- Opening Delimiter -

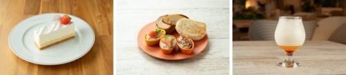 BASELの6店舗では共通の3メニューを展開。「4層のレアチーズ」は食感のレイヤーが楽しく、「6種のヨーグルトディップ」は日替わりで味の変化が楽しめる。「八王子パッションソーダ」は見た目にも華やかで、食事にもカフェタイムにも合わせやすい一杯に仕上がっている。
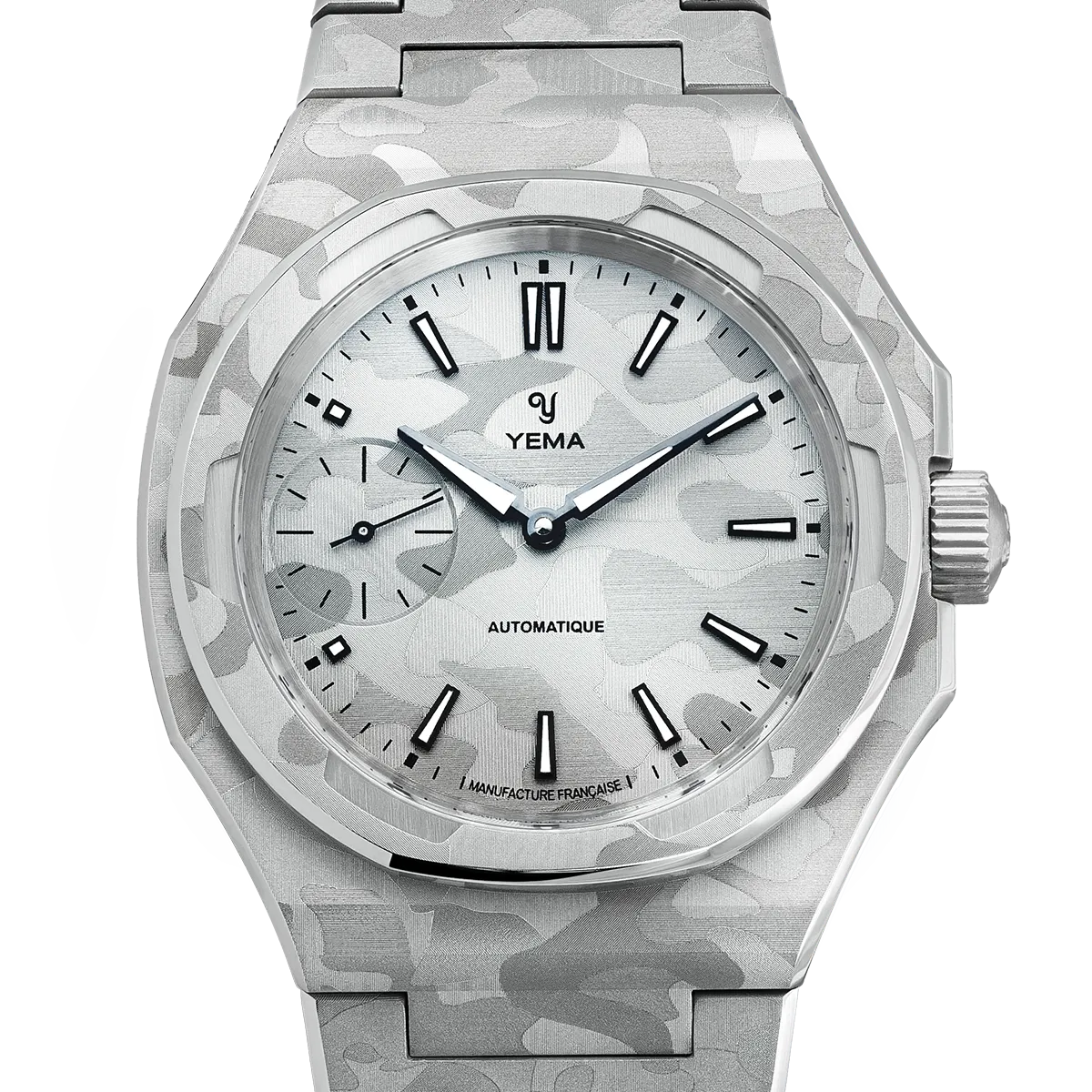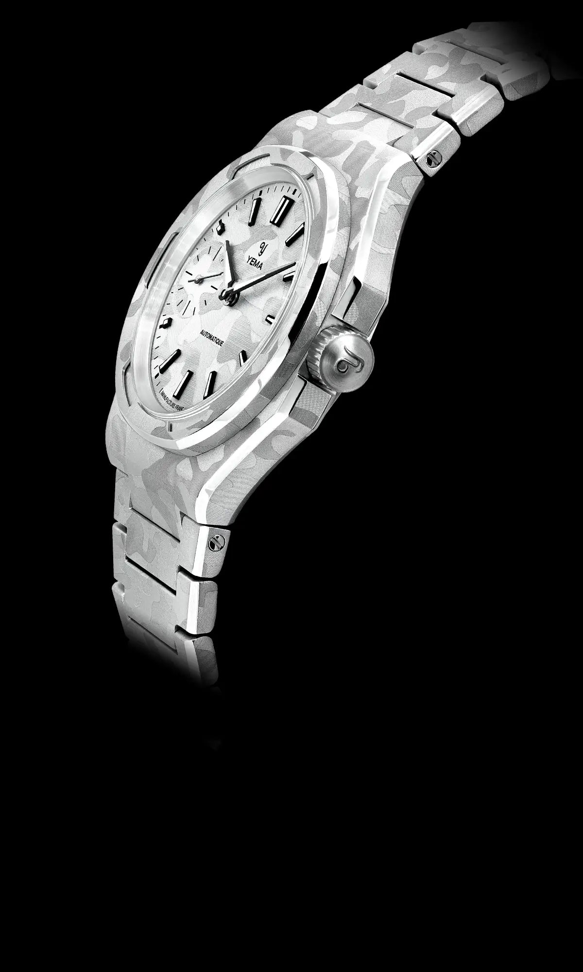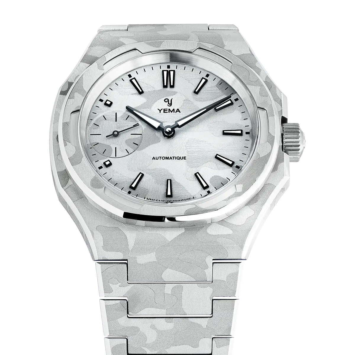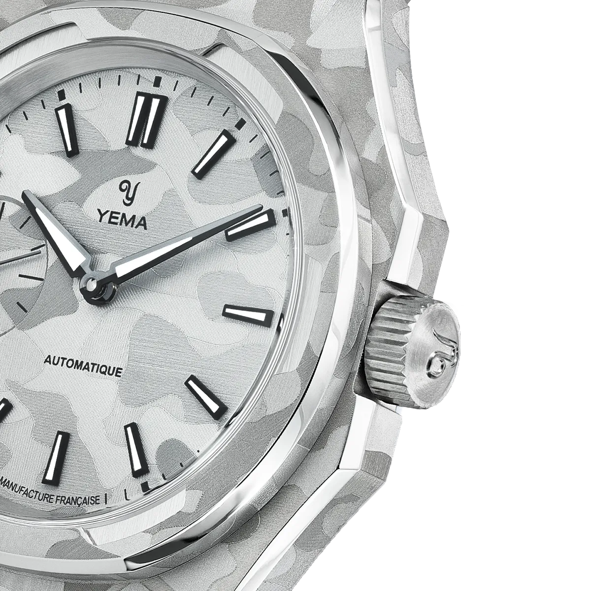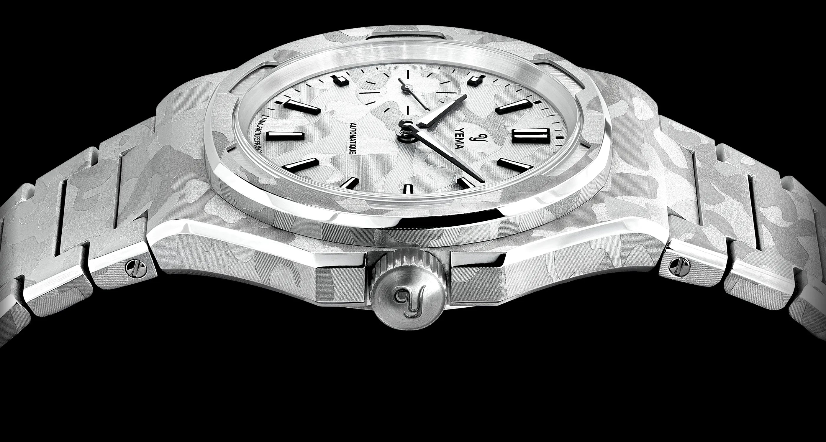 39mmのスチールケースは、複数の面とシャープな切り替えで構成された非対称の八角形フォルムを採用しています。この複雑なジオメトリーは、スノーカモフラージュのデザインを表現するのに最適なキャンバスとなり、スポーティな印象を損なうことなく、時計に独特の彫刻的な存在感を与えます。
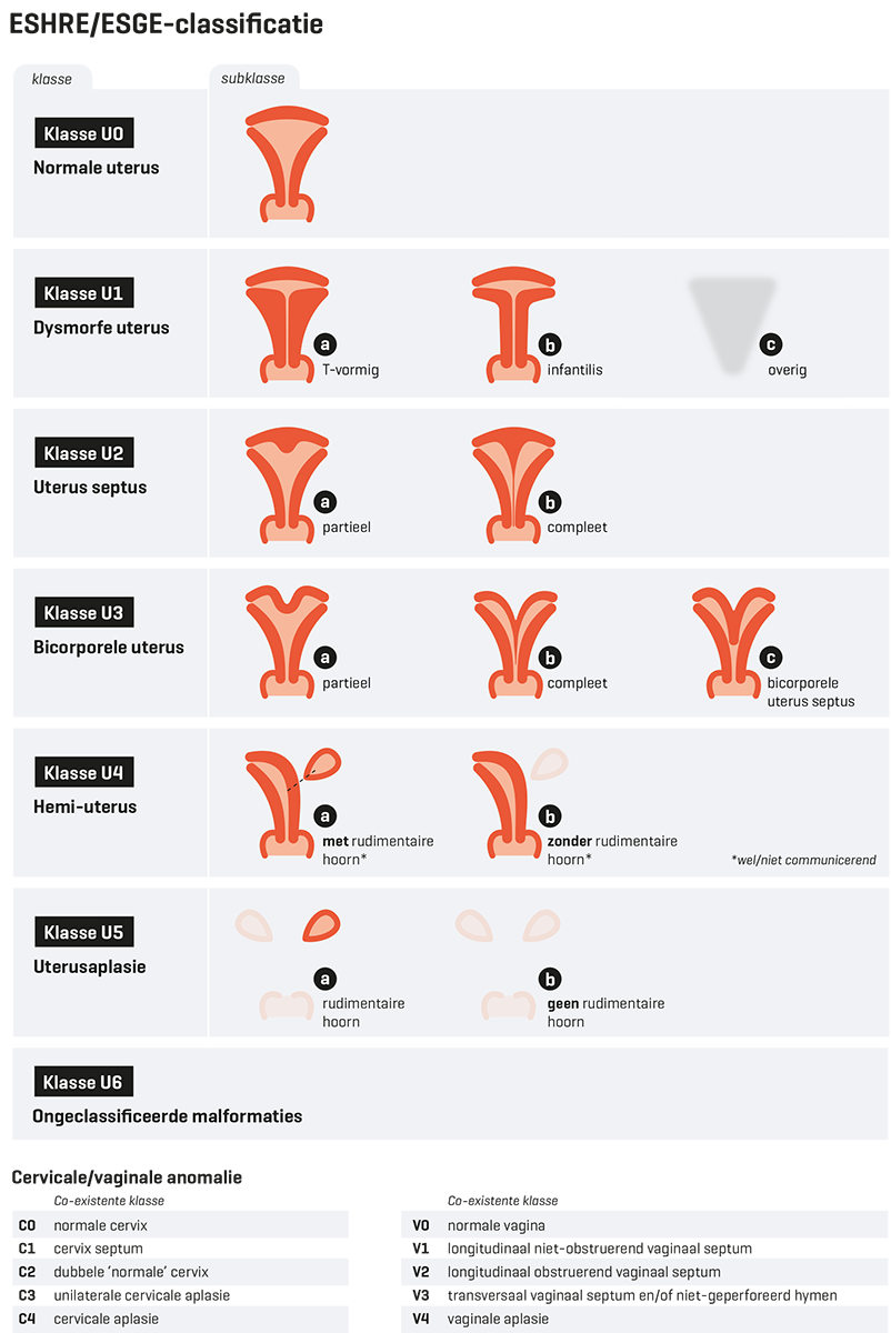 De incidentie van aangeboren afwijkingen van de uterus varieert van 0,5–7% in de algemene bevolking tot 17% bij vrouwen met herhaalde miskramen. 1 , 2 Afwijkingen hoeven niet tot klachten te leiden en kunnen verborgen blijven. De uterus septus is de meest voorkomende afwijking bij vrouwen met infertiliteit. 1 , 2 Congenitale afwijkingen van de uterus kunnen divers zijn en samengaan met afwijkingen aan de cervix en/of vagina, zoals een verdubbeling van de cervix, een longitudinaal vaginaal septum of vaginale aplasie [figuur]. 24 Bij een deel van de vrouwen met aangeboren afwijkingen van de inwendige geslachtsorganen komen ook afwijkingen aan de urinewegen en nieren voor. 2 , 4 , 5
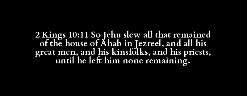 2 Kings 10:11 So Jehu slew all that remained of the house of Ahab in Jezreel, and all his great men, and his kinsfolks, and his priests, until he left him none remaining.
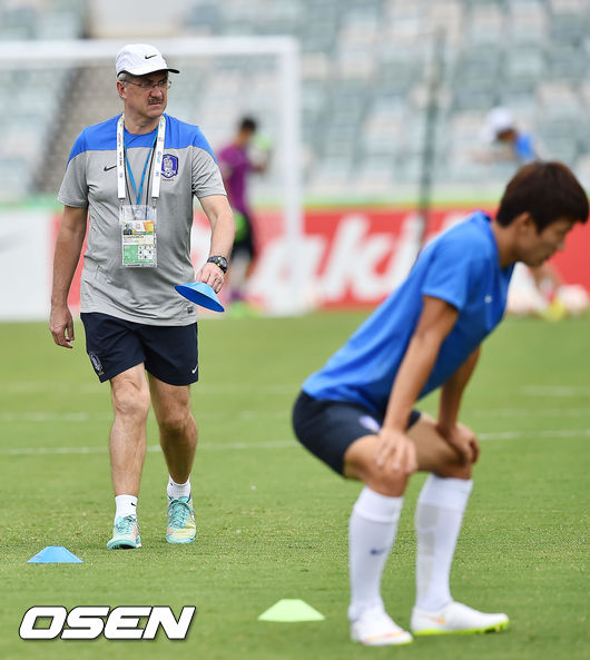 9일 오후 호주 캔버라 스타디움서 열린 한국 축구대표팀 훈련때 슈틸리케 감독이 선수들의 훈련을 지켜보고 있다.
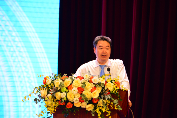 PGS.TS. Nguyễn Công Vịnh - Ủy viên Ban Chấp hành Đảng bộ, Chủ tịch Công đoàn Trường báo cáo tổng kết phong trào thi đua năm học 2023-2024 và phát động thi đua năm học 2024-2025
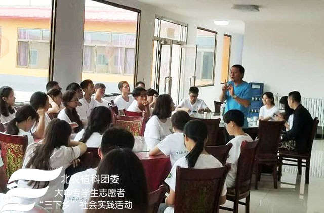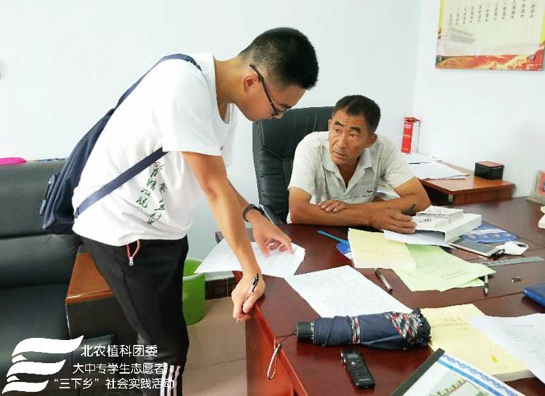 2018年7月24日上午fun88官网体育“北农植科学子,聚力乡村振兴”实践团来到了南关乡苏武庙村,实践团在农学系副教授赵波老师,牛奔老师和郝娜老师的带领下与赵书记等村委会成员进行调研座谈,了解本村种植、扶贫情况及农业产业结构。
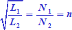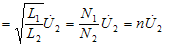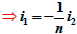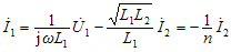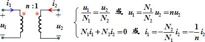 注意上式是根據圖中的參考方向和同名端列出的。式中n=N1/N2, 稱為理想變壓器的變比。
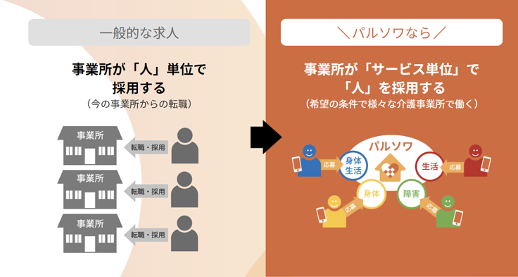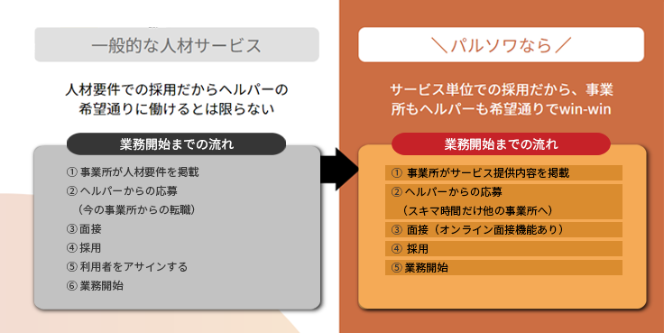 パルソワの仕組みは、サービス業務単位で求人広告を出して採用をしていくため、結果として事業者とヘルパーの両方が、無理なく無駄なく効率的に働くことができるのです。

- Closing Delimiter -

**Task description**
Exclude the pictures and write out exactly the lines from the one holding "De incidentie van" through the end of the entries, inclusive, and only those.

**Expected output**
 De incidentie van aangeboren afwijkingen van de uterus varieert van 0,5–7% in de algemene bevolking tot 17% bij vrouwen met herhaalde miskramen. 1 , 2 Afwijkingen hoeven niet tot klachten te leiden en kunnen verborgen blijven. De uterus septus is de meest voorkomende afwijking bij vrouwen met infertiliteit. 1 , 2 Congenitale afwijkingen van de uterus kunnen divers zijn en samengaan met afwijkingen aan de cervix en/of vagina, zoals een verdubbeling van de cervix, een longitudinaal vaginaal septum of vaginale aplasie [figuur]. 24 Bij een deel van de vrouwen met aangeboren afwijkingen van de inwendige geslachtsorganen komen ook afwijkingen aan de urinewegen en nieren voor. 2 , 4 , 5
 2 Kings 10:11 So Jehu slew all that remained of the house of Ahab in Jezreel, and all his great men, and his kinsfolks, and his priests, until he left him none remaining.
 9일 오후 호주 캔버라 스타디움서 열린 한국 축구대표팀 훈련때 슈틸리케 감독이 선수들의 훈련을 지켜보고 있다.
 PGS.TS. Nguyễn Công Vịnh - Ủy viên Ban Chấp hành Đảng bộ, Chủ tịch Công đoàn Trường báo cáo tổng kết phong trào thi đua năm học 2023-2024 và phát động thi đua năm học 2024-2025
 2018年7月24日上午fun88官网体育“北农植科学子,聚力乡村振兴”实践团来到了南关乡苏武庙村,实践团在农学系副教授赵波老师,牛奔老师和郝娜老师的带领下与赵书记等村委会成员进行调研座谈,了解本村种植、扶贫情况及农业产业结构。
 注意上式是根據圖中的參考方向和同名端列出的。式中n=N1/N2, 稱為理想變壓器的變比。
 パルソワの仕組みは、サービス業務単位で求人広告を出して採用をしていくため、結果として事業者とヘルパーの両方が、無理なく無駄なく効率的に働くことができるのです。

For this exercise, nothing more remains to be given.